Dan: I like your description of Saul's various forms of isolation. It's a very apt account of Saul's situation, although I have to say I disagree that Saul "really didn't get anywhere." When he finally sits down to read "The Angel of Forgetfulness," he discovers a connection to both Nathan Hart and his own Jewish heritage--a different kind of connection than he's had through scholarship alone. He discovers that his isolation has been self-imposed (even though he has also found himself in a situation vis-a-vis Miranda Pratt that's eerily similar to Nathan's with Keni: sort of a schlemiel trying to woo the beautiful girl from above his station).
This is perhaps why I saw a closer relationship--a very deliberate echo--among the three stories than you did. (Some readers might think Stern takes too long to make the relationship clear--although there are lots of parallels and overlaps throughout the unfolding of the three stories--but I think leaving their connections less obvious until the end actually does pay off; it makes one want to go back over the stories again in order to more fully appreciate the way Stern has aligned them.) Because, in my reading at least, what Saul discovers most strongly is the Jewish heritage of storytelling, of making sense of a very troubling and often hostile reality through fable and fantasy. "Assured that I had my deceased aunt's blessing," he writes, "I began to feel that my task amounted to an authorized collaboration between myself and the vaporized journalist.
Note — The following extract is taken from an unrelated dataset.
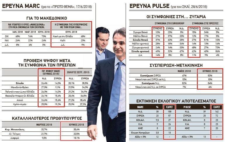 Η επόμενη Βουλή εμφανίζεται πεντακομματική, με τη Νέα Δημοκρατία να «χτυπά» από 158 έως 162 έδρες, σύμφωνα με τον εκλογικό αναλυτή Πάνο Σταθόπουλο. Η συμφωνία των Πρεσπών εξελίχθηκε σε κόλαφο για τον ΣΥΡΙΖΑ αλλά και για τους ΑΝ.ΕΛ. που εξαφανίστηκαν από το δημοσκοπικό χάρτη, τουλάχιστον σήμερα, ενώ εντυπωσιακή είναι η μετακίνηση του ψηφοφόρων του Αλέξη Τσίπρα προς το κόμμα του Κυριάκου Μητσοτάκη.
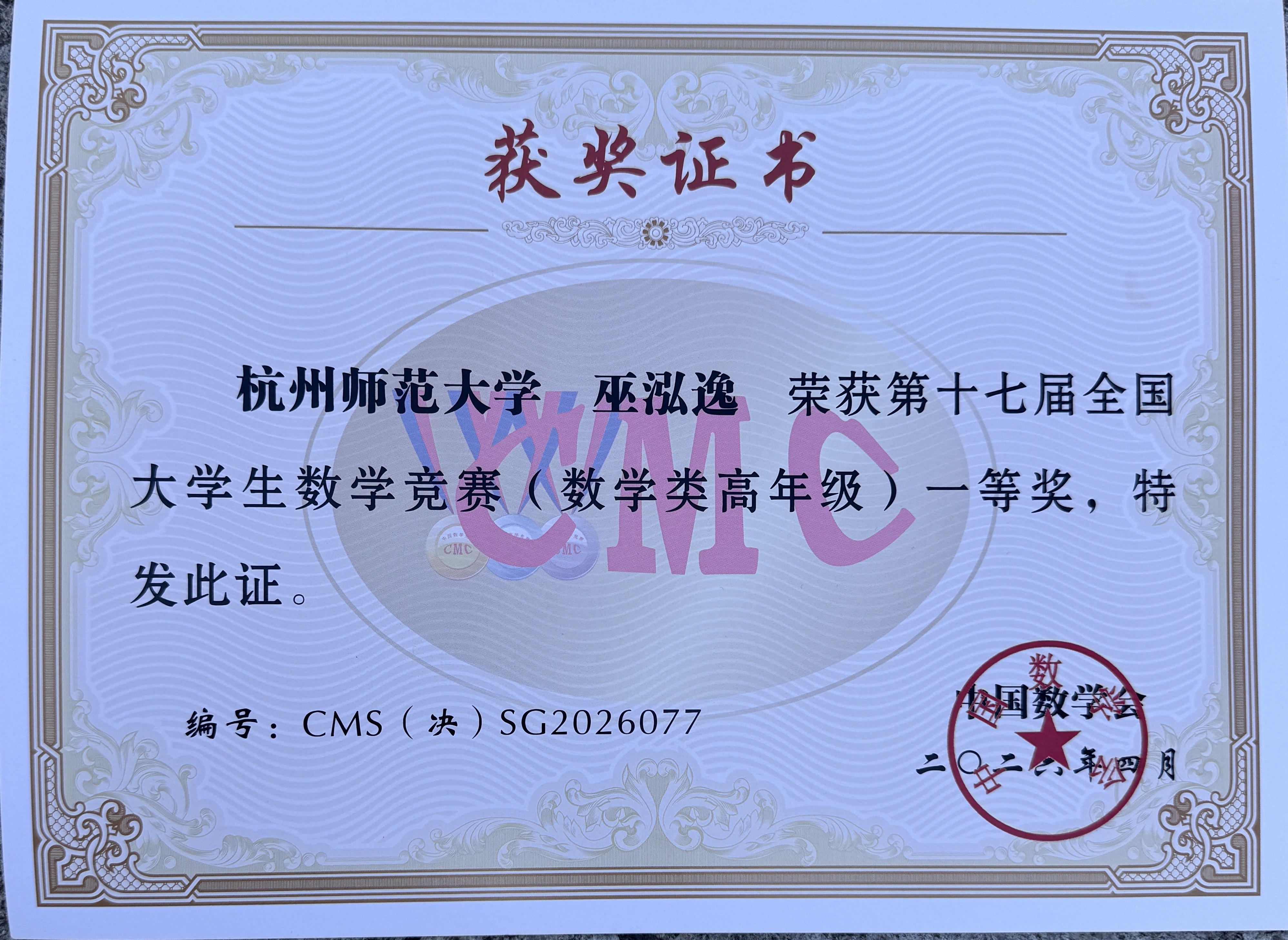 近日,第十七届全国大学生数学竞赛决赛在四川大学、成都理工大学圆满落幕。巴黎人 学子凭借扎实的专业功底与出色的临场发挥,在全国顶尖学子的角逐中脱颖而出,巴黎人 2022级巫泓逸同学摘得数学类(高年级)全国一等奖(全国仅84个名额),李福汉同学荣获数学类(高年级)全国二等奖,用优异成绩展现了杭师大学子的卓越风采。学生取得佳绩既是参赛学子勤学笃行、不懈拼搏的汗水结晶,更是巴黎人 实行“建功班”、推进拔尖创新人才培育的丰硕成果。

I was engaged in writing a kind of pseudoepigraphon, already picturing the title page. . .I was in the tradition, wasn't I? Like Moses de Leon, who had plundered the apocryphal texts of Shimon bar Yohai and embroidered them beyond recognition for his Book of Splendor. As a scribe, I was also a fabulator. . . ." Saul finds his place as a writer of fiction rather than a dusty "scholar."
I found Nathan's story very compelling in its own right as a depiction of the Lower East Side a hundred years ago, although I would agree with you that Mocky's story, at least, does come close to wearing out its welcome. Still, if I were to read it on its own, I think I'd like it. It's only as the third level of narrative--taking us even farther from Saul's journey--that it sometimes provokes impatience. And I would argue that it's necessary to have this story in full, since it's Nathan's inspiration as a storyteller that's important for Saul.
(Cont. Tomorrow)
Wow -- it's interesting to think about your comments in light of some of the things Stern has said about the book. Particularly his remark that the story of Mocky sat in his desk drawer for years until he devised the framing story (Saul) to bring it back down to earth (as it were).
Derik, I was won over by Saul fairly quickly too. He may be kind of a "pathetic fuck," as Stern has said, but he's a funny pathetic fuck. His reactions to people kill me. Example:
"[Keni's doctor] sighed and said, 'Tell you what,' so that I thought he might offer some diabological bargain: give me your shadow in exchange for your aunt's full recovery; and I asked myself if I were ready to make that sacrifice."
And
"Billy nodded, apparently satisfied, and introduced himself, extending a hand that clasped my own in a bone-crushing grip. I felt for a moment like a captive leprechaun whom he wouldn't release until I'd divulged my name, which I did."
In terms of Saul's journey not ending in anything (except the kind of awareness Dan suggests): I think that's true, but it also feels right to me given the kind of mock-epic journey that he's on, in which no experience or situation is quite enough to shake him out of his torpor. Following Saul's path, I often thought of George Lukacs's beautifully expressed notion that in the modern world, "the soul is often wider and larger than the destinies which life has to offer it."
Posted by: Sam | Sep 26, 2005 at 08:07 AM
Thanks, Sam. That's interesting that the Mocky story came first. Of all the three narratives it seems the least finished to me and the most unnecessary. Perhaps Stern, starting from that story, just couldn't quite give it up as much as he needed to.